Technical Conference Comments
On September 14, 2021 and October 12, 2021, the Federal Energy
Regulation Commission (Commission) convened staff-led technical
conferences to discuss energy and ancillary services markets in the
evolving electricity sector.
All interested persons are invited to file initial and reply post-
technical conference comments on the topics in Parts I and II below,
which contain the questions posed in each technical conference agenda.
Commenters may reference material previously filed in this docket,
including the technical conference transcripts, but are encouraged to
avoid repetition or replication of previous material. Commenters need
not answer all of the questions, but commenters are encouraged to
organize responses using the numbering and order in the below
questions. Initial comments must be submitted on or before February 4,
2022. Reply comments must be submitted on or before March 7, 2022.
I. Comments on Supplemental Notice for September 14, 2021 Technical
Conference
We are seeking comments on the topics discussed during the
technical conference held on September 14, 2021, including responses to
the questions listed in the Supplemental Notice issued in this
proceeding on September 13, 2021 in accordance with the deadlines and
other guidance above. The questions from the agenda are included below.

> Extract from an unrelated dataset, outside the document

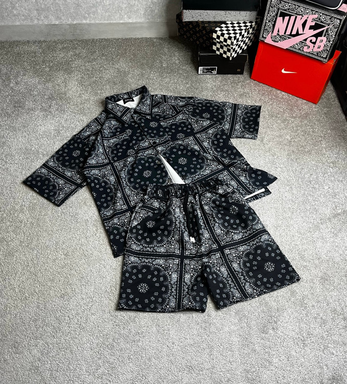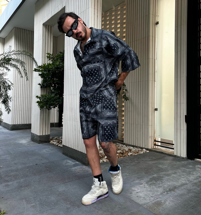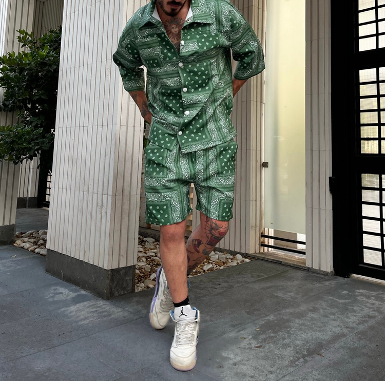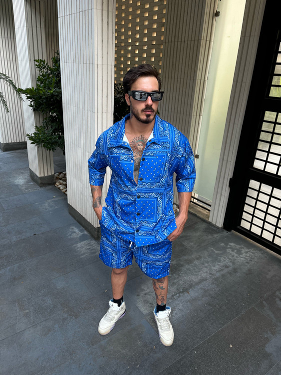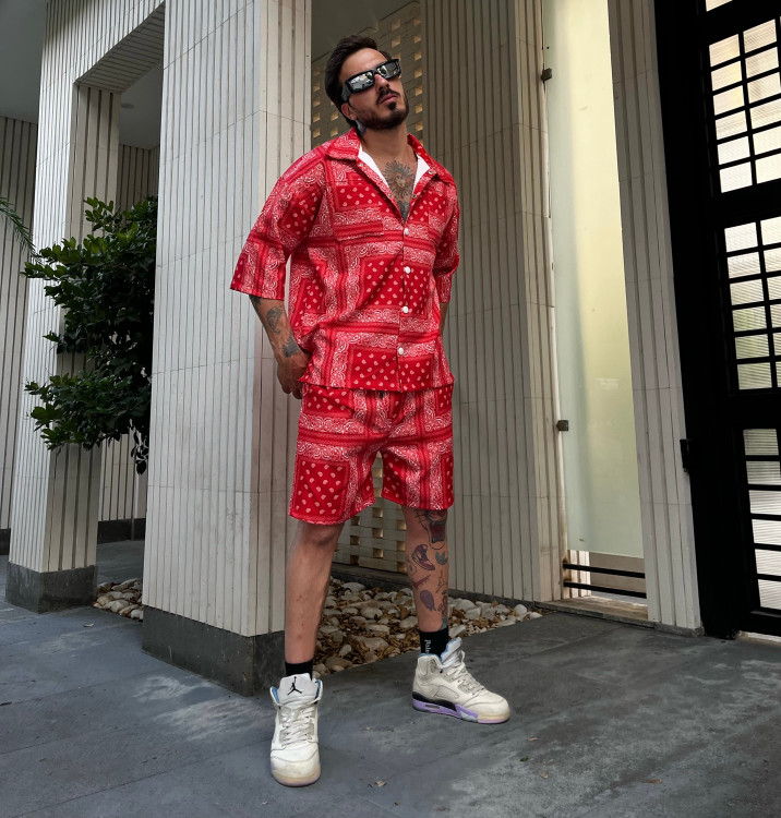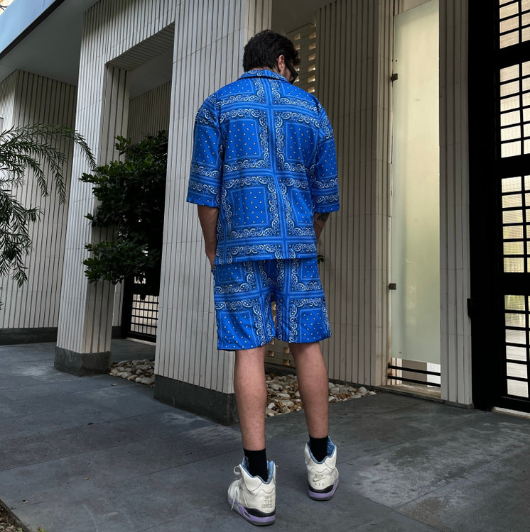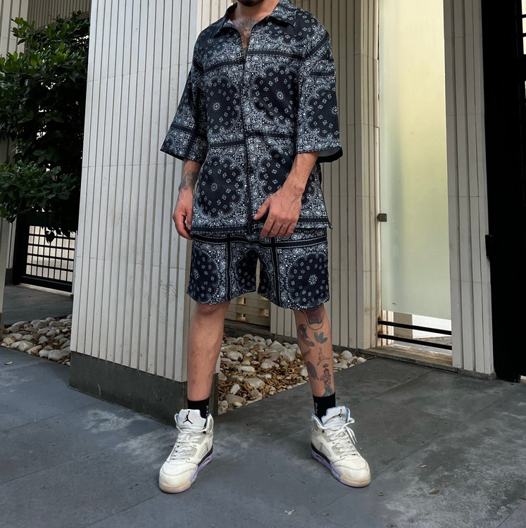 ست یونیسکس شلوارک ساحلی و پیراهن آستین کوتاه باندانا

Panel 1: Understanding the Need for Additional Operational Flexibility
in RTO/ISO Energy and Ancillary Services Markets
1. RTOs/ISOs and other industry experts generally agree that power
systems will require greater flexibility from system resources in the
future.\1\ What operational capabilities or services will be most
valuable to RTO/ISO operators in the future as the resource mix and net
load profile changes and
[[Page 70483]]
why? Is there a desirable reaction time, sustained performance
duration, etc. expected from a resource?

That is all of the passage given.